Мадам согласно кивнула.

– Для изгнанников плиоценовая Земля была бы действительно удобным прибежищем… если б на ней не поселились другие донкихоты. – Она указала на проплывающую по реке пневматическую баржу. – Вот один из продуктов нашего вторжения. До прихода людей тану плавали на деревянных плотах. И речной торговлей почти не занимались, из-за того что боятся воды. На своих плантациях они трудились в основном сами, поскольку рамапитеков здесь пока не так уж много. И торквесы для мартышек делали вручную, как и свои золотые.

– Ты хочешь сказать, что в основе массового производства торквесов тоже лежит человеческое ноу-хау?

– Вот именно. И всю систему подчинения серебряных и серых торквесов золотым разработал наш психолог. Они сделали из него полубога, он живет в Мюрии и прозывается Себи Гомнол или лорд Принудитель! Но я помню маленького, ущербного человечка, который явился ко мне в пансионат сорок лет назад. Тогда его звали Эусебио Гомес Нолан.

– Неужели человек отдал своих соотечественников в рабство инопланетянам?.. Господи Боже мой, ну почему, куда бы мы ни сунулись, везде должны напакостить?!

Анжелика невесело рассмеялась. С этими вьющимися на лбу и на висках волосами ей никак нельзя было дать больше сорока пяти.

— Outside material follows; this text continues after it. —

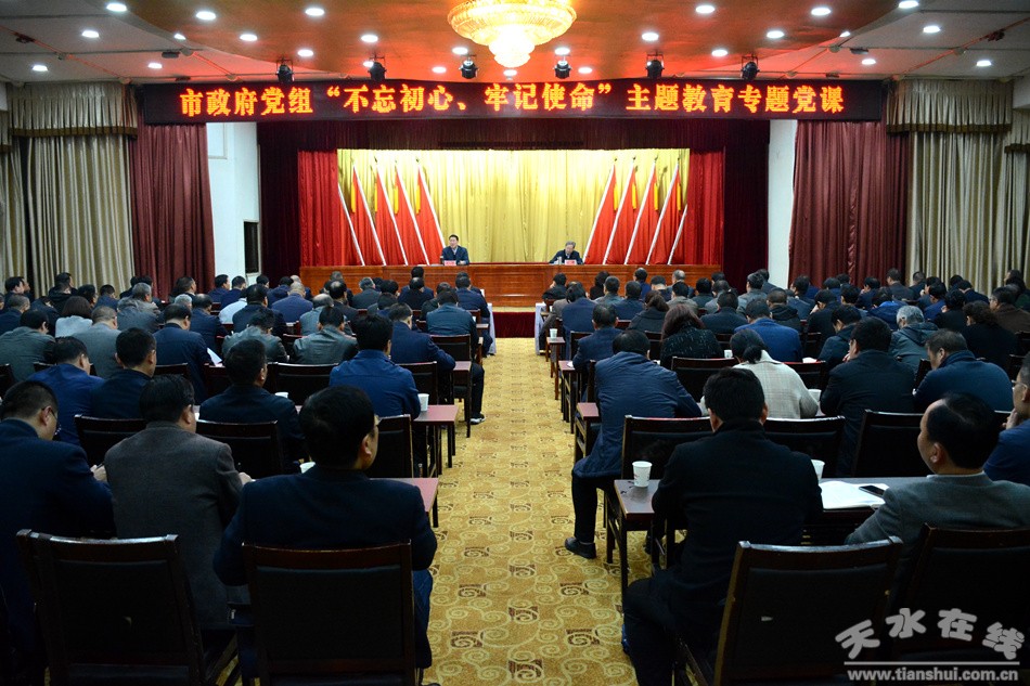 10月31日,天水市政府黨組舉行“不忘初心,牢記使命”主題教育專題黨課。市政府黨組書記、市長王軍以“認(rèn)真學(xué)習(xí)黨章,嚴(yán)格遵守黨章”為主題作專題黨課輔導(dǎo)。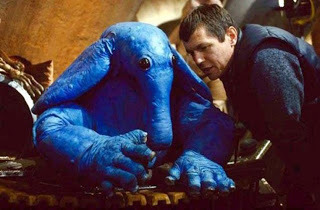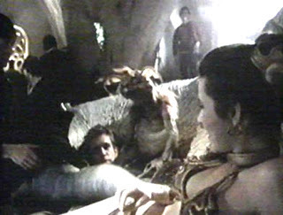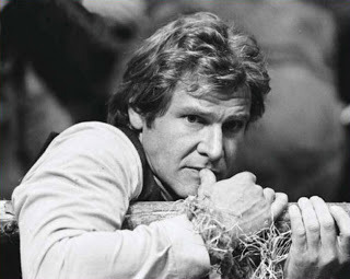 Harrison Ford contemplates becoming a Han-burger at the hands of the ewoks.

– Гомнол – не единственное позорное пятно на нашем племени. Еще до него моим постояльцем был один турок циркач, некий Искендер Курнан. Передо мной он распинался, что самое заветное его желание – приручить саблезубых тигров. Но, как выяснилось, в Изгнании он вместо этого занялся приручением иноходцев, элладотериумов, охотничьих собак, что во многом обеспечило превосходство тану. Прежде Охоты и Великие Битвы велись только пешими гуманоидами. Силы были равны, отставание фирвулагов в метафункциях компенсировалось их численным перевесом и огромной физической выносливостью. Но как только тану оседлали иноходцев, пополнили численность своего войска людьми в торквесах, ни о каком равновесии уже речи быть не могло. Битва превратилась в обыкновенную резню.

Клод задумчиво потер подбородок.

– Но теперь и у фирвулагов появилась человеческая поддержка…

– Не смеши меня! Ни большой лук, ни порох не помогут одолеть тану. До тех пор, пока люди проникают в плиоцен, среди них будут и предатели. Кто научил врачей тану лечить женское бесплодие? Баба, гинеколог с планеты Астрахань! note 23 Таким образом, не только наши силы, наши знания, но и наши гены были поставлены на службу гуманоидам. А несчастные женщины вроде Марты готовы умереть, лишь бы избавиться от унизительной роли племенного скота. Знаешь, как попала к нам Марта?

Палеонтолог покачал головой.

– Она бросилась в разлившийся Рейн, когда тану хотели в пятый раз ее обрюхатить. Но, dieu merci note 24, Штеффи выловил и вылечил бедняжку. И она не одна среди нас такая… Мученики вы мои, это я ответственна за ваши страдания и не успокоюсь, пока не отомщу тану!

Рейн уже не казался потоком расплавленного олова, а приобретал золотистый оттенок. Заходящее солнце окрашивало кручи Фельдберга в бледно-желтый и лиловый тона. Еще до того, как они начнут искать Дунай, придется топать километров семьдесят на поросшую лесом верхотуру, к Суголлу.

– Еще одна донкихотиха объявилась! – улыбаясь, заметил Клод.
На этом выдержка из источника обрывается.